AppendStructuredBuffer OutputBuffer : register(u0); // This defines an appendable structured buffer. The shader can only append to it, not simultaneously consume from it.
ConsumeStructuredBuffer InputBuffer : register(u1); // This defines an consumable structured buffer. The shader can only consume from it, not simultaneously append to it.
StructuredBuffer DataBuffer : register(t16); // An append/consume buffer that is bound as a read-only resource will appear as a normal structured buffer.

Take note that a buffer can only be either appended to or consumed from. This is to ensure there will be no conflicts caused by simultaneous insertions and reads in the multithreaded
shader environment. As such you will probably oftentimes want one input and one output buffer, which requires DX11 hardware. When using an input and an output buffer like this you can
switch them between invocations of the compute / pixel shader to ensure that the previous output buffer becomes the new input buffer, while the old input buffer (that will be considered "empty"
after you have consumed all of its elements) will now act as the output buffer instead.

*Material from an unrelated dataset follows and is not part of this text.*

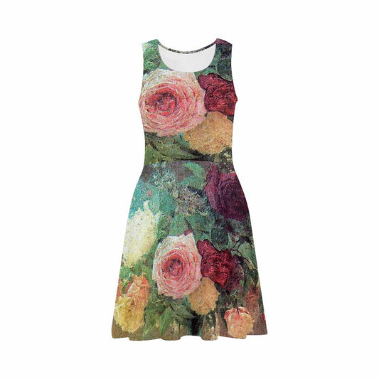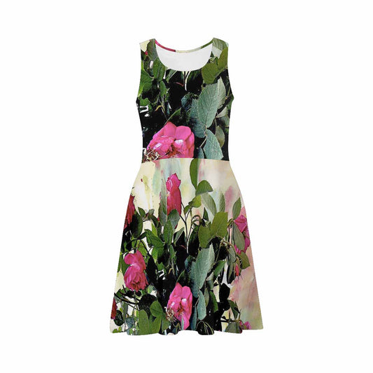 Vintage floral short summer flare dress, XS to 3XL plus size, model D09534 Design 20

Buffers can be used to share data between the CPU and GPU and can be bound to the shader pipeline using functions such as DX11 SET OBJECT BUFFER, DX11 SET SPRITE BUFFER, and so forth.
Buffers can be bound to everything that can also have textures bound. When accessed from your shader programs read-only buffers will be bound to registers t16 through t23 (registers t0 through t15 are
reserved for texture resources). Buffers can also be written to by pixel and compute shaders (the other shader stages can not have output resources). The nice thing about this is that you can
write anything to a buffer, at any position, which is different from for example writing to a render target where you will only be able to write to a single pre-defined position. You can also read from
any position within a writable buffer from your shader.
There are however some limitations; a buffer cannot be bound as a read-only resource at the same time as it is bound as a read-only resource. This means that if your pixel shader writes to a certain buffer
that buffer can not be accessed by any other shader stages within the same shader technique. Compute shaders are run in isolation so this limitation does not apply for them.
When using an output buffer with a pixel shader it should also be noted that it shares registers with render targets. In order to find out what register your writable resource will be bound to, all render
targets will be bound first, starting at register u0. After that any writable texture resources are set. Buffers will be bound to the slots after that.
There is also a hardware limitation on how many output resources that can be bound simultaneously; for DX11 this number is 8, meaning that your combined number of render targets, RWTextures and RWBuffers
must not exceed 8. On DX10 hardware you can only have a single output resource however. Since there is always a render target associated with a camera, this means that you cannot use output resources
with your pixel shaders in DX10 compatibility mode. You can still use them in compute shaders however.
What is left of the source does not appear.